# RECORDED DATA
================================

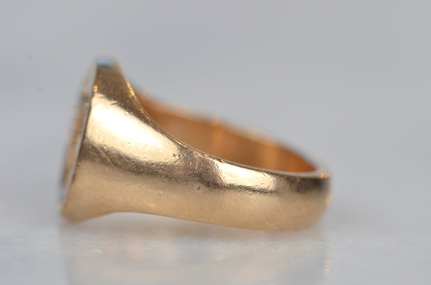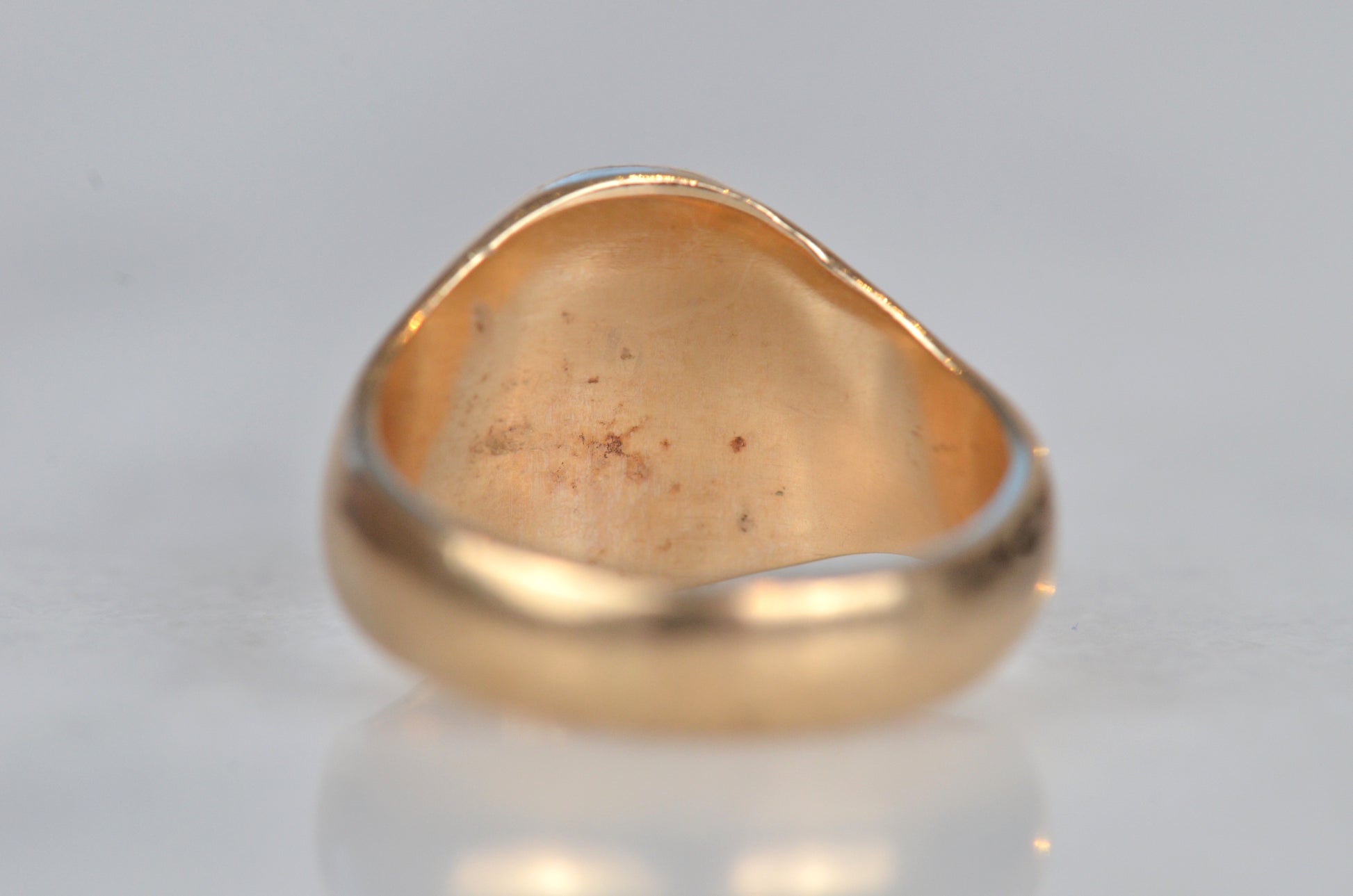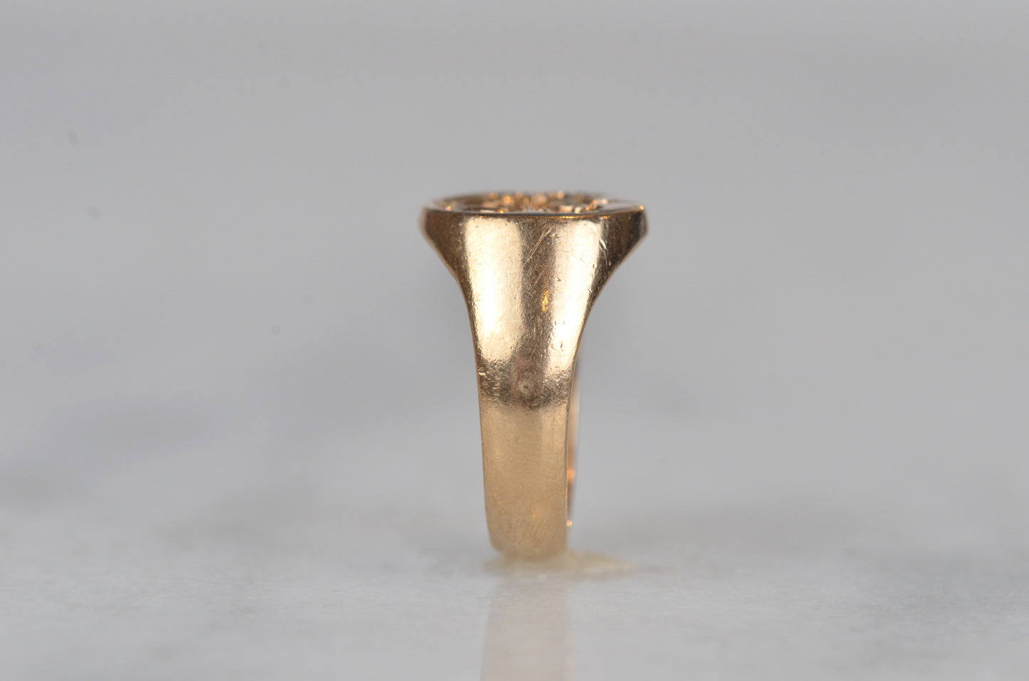 • Face of ring measures 12.2mm wide, 10.5mm across, with a rise of 1.8mm; back of band measures 4.1mm wide and 1.5mm thick
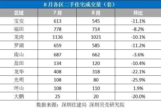8月坪山成交量110套,环比7月微涨了1.9%;而跌幅最大的数光明,跌了25.9%。
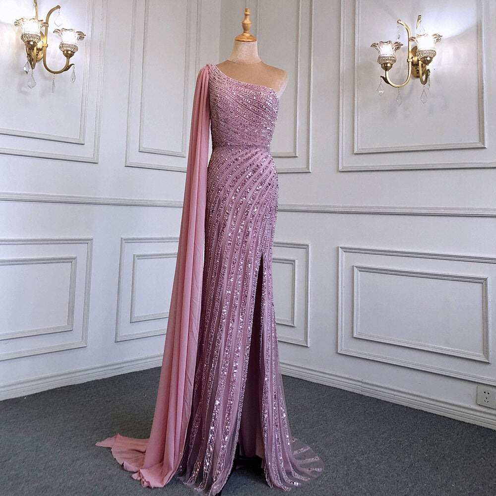 Caramel Mermaid Sexy High Split Cape Sleeve Beaded Luxury Evening Dresses Gowns 2025 For Women Wedding Party LA71708

================================

# EXERCISE INSTRUCTIONS
Restate the material above word for word, so that nothing changes except that the pictures are gone.

# FINISHED EXERCISE
 • Face of ring measures 12.2mm wide, 10.5mm across, with a rise of 1.8mm; back of band measures 4.1mm wide and 1.5mm thick
8月坪山成交量110套,环比7月微涨了1.9%;而跌幅最大的数光明,跌了25.9%。
 Caramel Mermaid Sexy High Split Cape Sleeve Beaded Luxury Evening Dresses Gowns 2025 For Women Wedding Party LA71708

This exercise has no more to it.